I have a pivoted dataframe and want to plot a heatmap in Plotly. I have a total column, making it hard to use a color scale.
import numpy as np
import pandas as pd
import plotly.express as px
city_origin = ['London', 'Tokio', 'Seoul', 'Paris', 'Tashkent', 'Washington', 'Moscow']
city_current = ['London', 'Madrid', 'Tashkent', 'Seoul', 'Paris', 'Toronto', 'Washington', 'Istanbul', 'Hanoi', 'Manilla', 'Delhi', 'Busan', 'Moscow']
migrant_origin = np.random.choice(city_origin,size = 1000)
migrant_current = np.random.choice(city_current, size = 1000)
migrant_salary = np.random.randint(1300, 6900, size = 1000)
df = pd.DataFrame({'migrant_origin':migrant_origin, 'migrant_current':migrant_current, 'migrant_salary':migrant_salary})
new_df = pd.pivot_table(df, index = 'migrant_origin', columns = 'migrant_current', values ='migrant_salary', aggfunc = 'sum', fill_value = 0)
new_df['total'] = new_df.sum(axis = 1)
cols = ['total'] + [col for col in new_df.columns if col != 'total']
new_df = new_df[cols]
px.imshow(new_df,text_auto=True)
I want to show the totals but not affected colors on the heatmap.

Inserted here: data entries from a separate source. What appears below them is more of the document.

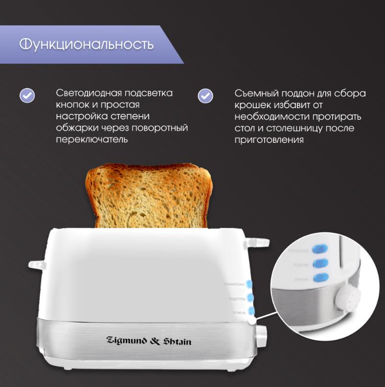 Тостер Zigmund & Shtain Kuchen-Meister ST-80 W (900 Вт белый) - Интернет-магазин Матрица: бытовая техника, электроника, товары для дома и др.
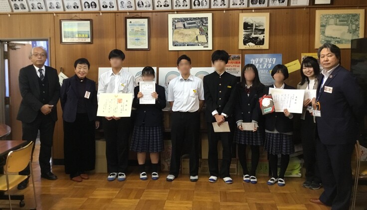 第16回団体賞受賞の大津市立堅田中学校。入賞2名、入選4名と優れた成績でした。
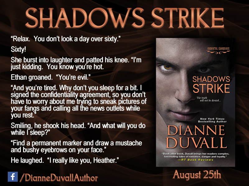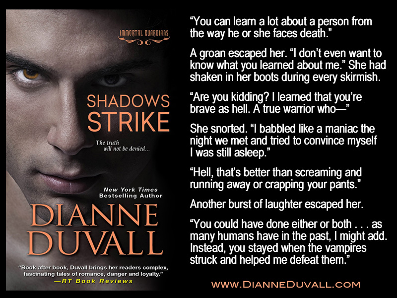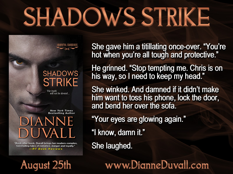 Bestselling author, Dianne Duvall, returns with the sixth book in her exciting and addictive Immortal Guardians series - Shadows Strike!
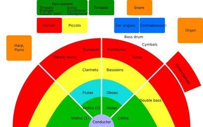 Keywords: Orchestra layout.svg en The typical positions of the musical instruments in a classical orchestra own Darkdoc 2009-01-18 Diagrams of orchestras English text
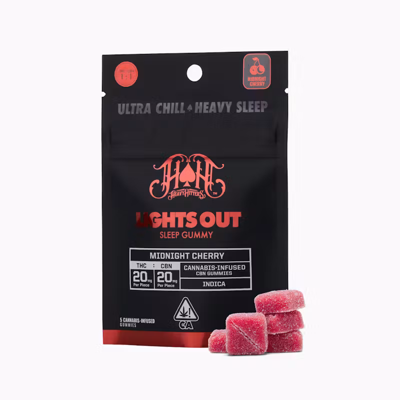 The ultimate knockout. Providing full-body relaxation and mental calmness, Lights Out CBN Sleep gummies put you down gently and keep you asleep throughout the night. A smooth blend of cherry and dark fruit flavors, these gummies are infused with a 1:1 ratio of Heavy Hitters Ultra Extract and pure CBN.
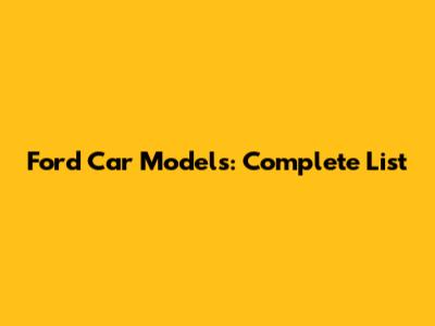 Ford Car Models: Complete List
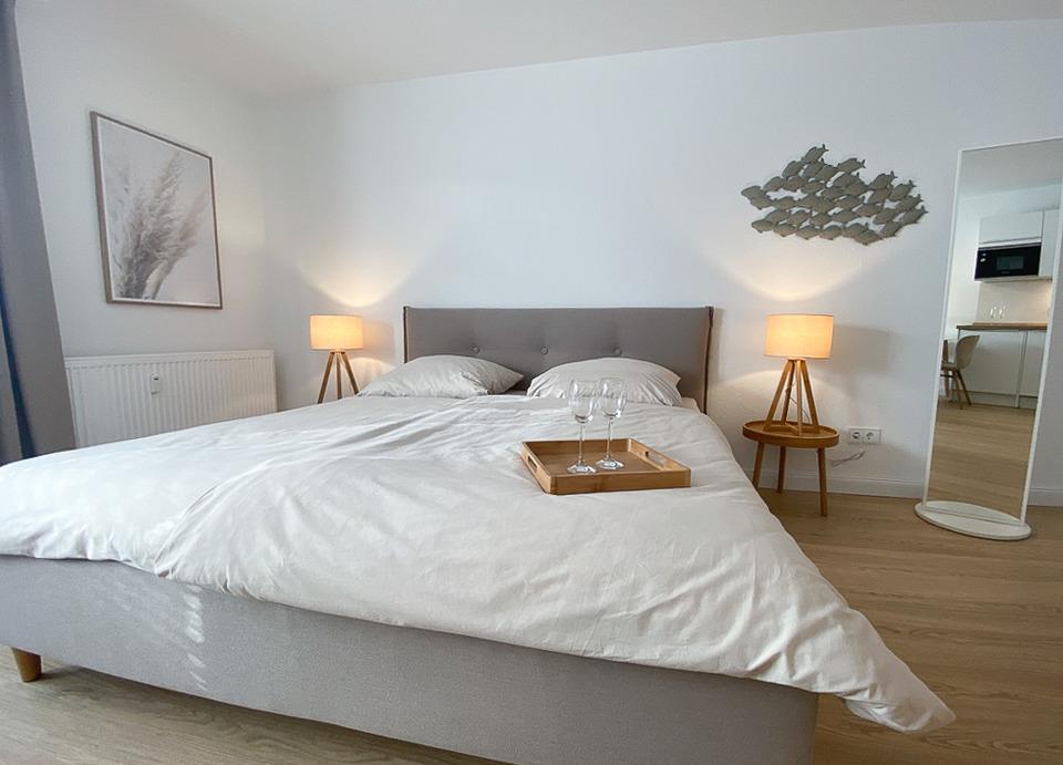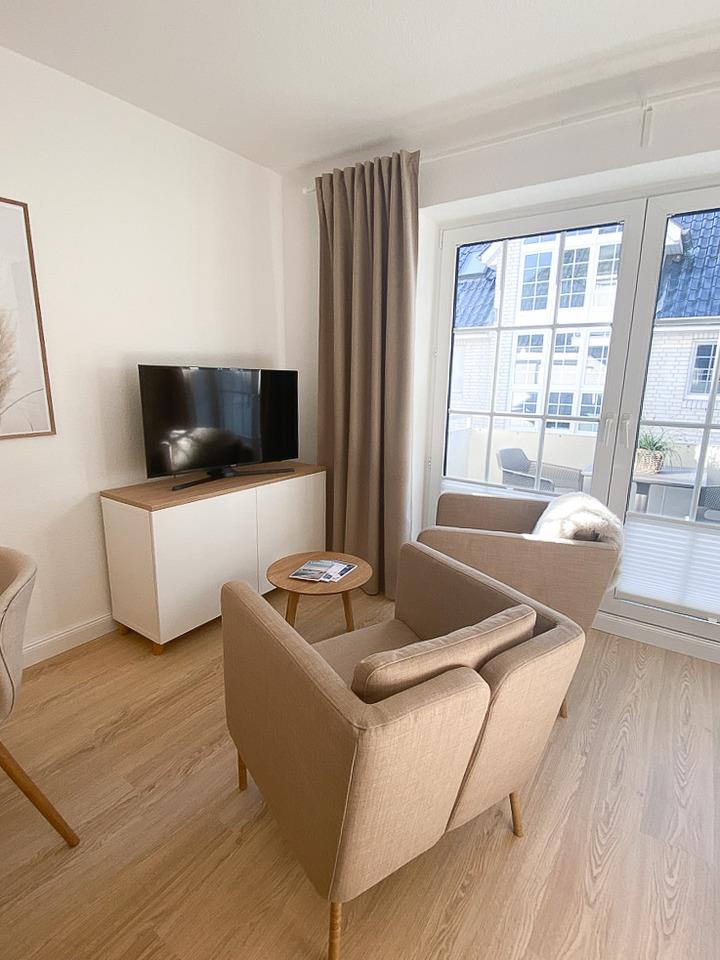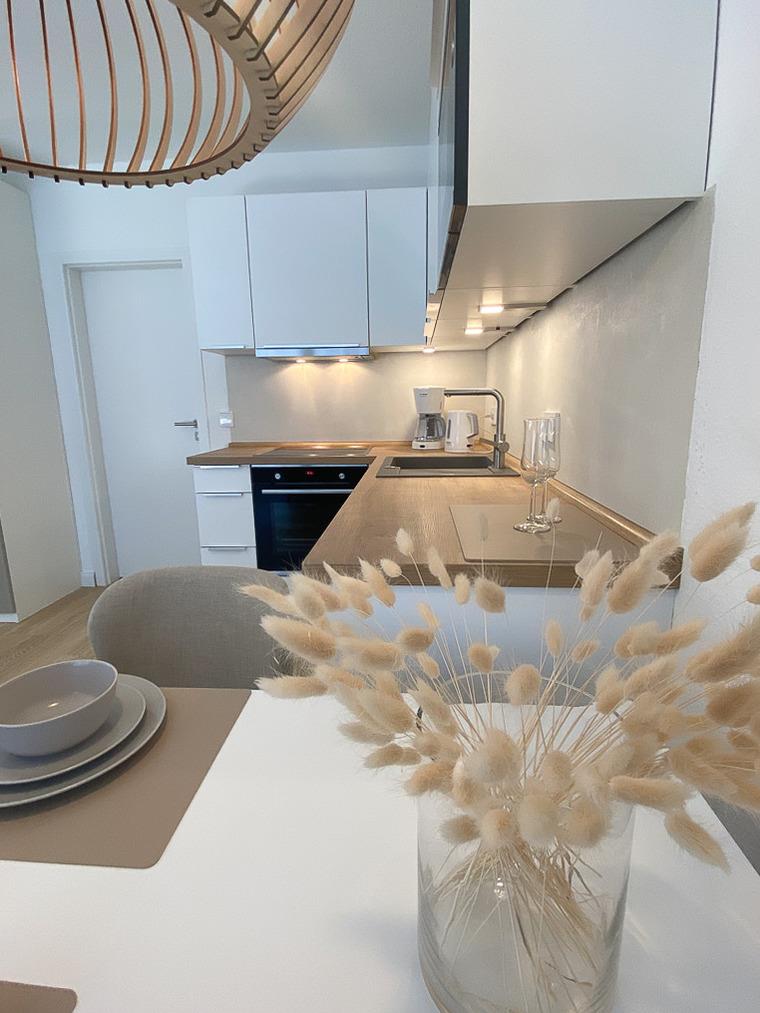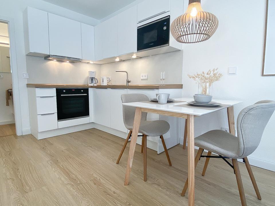 Die Wohnfläche der ca. 34qm großen Ferienwohnung verteilt sich auf einen Wohn/Schlafbereich mit integrierter offener und hochwertigen Einbauküche, über ein modernes Duschbad mit WC sowie ein möblierten Balkon mit Südwestlage.

Is there any way to exclude columns from coloring?
You can make a copy of the DataFrame with the values, and set all values in the total column to None
so a color doesn't show up. Then make another copy of the DataFrame with the original values as text, and display this text.
The only tricky part of this is that you have to use go.Heatmap
instead of px.imshow, and pass the value and text DataFrames as numpy arrays (and reverse the order of rows in the DataFrame, since go.Heatmap uses the first row of your array as the last row of the heatmap).
Since the background of the plotly base figure will be visible (through the transparent total column), I removed the gridlines as well. You can adjust the background color or theme if you want the total column to have a different color.
Fully reproducible example:
import numpy as np
import pandas as pd
import plotly.express as px
import plotly.graph_objects as go
city_origin = ['London', 'Tokio', 'Seoul', 'Paris', 'Tashkent', 'Washington', 'Moscow']
city_current = ['London', 'Madrid', 'Tashkent', 'Seoul', 'Paris', 'Toronto', 'Washington', 'Istanbul', 'Hanoi', 'Manilla', 'Delhi', 'Busan', 'Moscow']
np.random.seed(42)
migrant_origin = np.random.choice(city_origin,size = 1000)
migrant_current = np.random.choice(city_current, size = 1000)
migrant_salary = np.random.randint(1300, 6900, size = 1000)
df = pd.DataFrame({'migrant_origin':migrant_origin, 'migrant_current':migrant_current, 'migrant_salary':migrant_salary})
new_df = pd.pivot_table(df, index = 'migrant_origin', columns = 'migrant_current', values ='migrant_salary', aggfunc = 'sum', fill_value = 0)
new_df['total'] = new_df.sum(axis = 1)
cols = ['total'] + [col for col in new_df.columns if col != 'total']
non_total_cols = [col for col in new_df.columns if col != 'total']
new_df = new_df[cols]
new_df_values = new_df.iloc[::-1].copy()
new_df_values['total'] = None
new_df_text = new_df.iloc[::-1].astype(str).copy()
## separate out text and values into numpy arrays
values_array = new_df_values.to_numpy()
text_array = new_df_text.to_numpy()
y_array = new_df_text.index.values
x_array = new_df_text.columns.values
fig = go.Figure()
fig.add_trace(go.Heatmap(
z=values_array,
y=y_array,
x=x_array,
text=text_array,
texttemplate="%{text:.2s}",
))
fig.update_layout(
xaxis=dict(showgrid=False),
yaxis=dict(showgrid=False),
)
fig.show()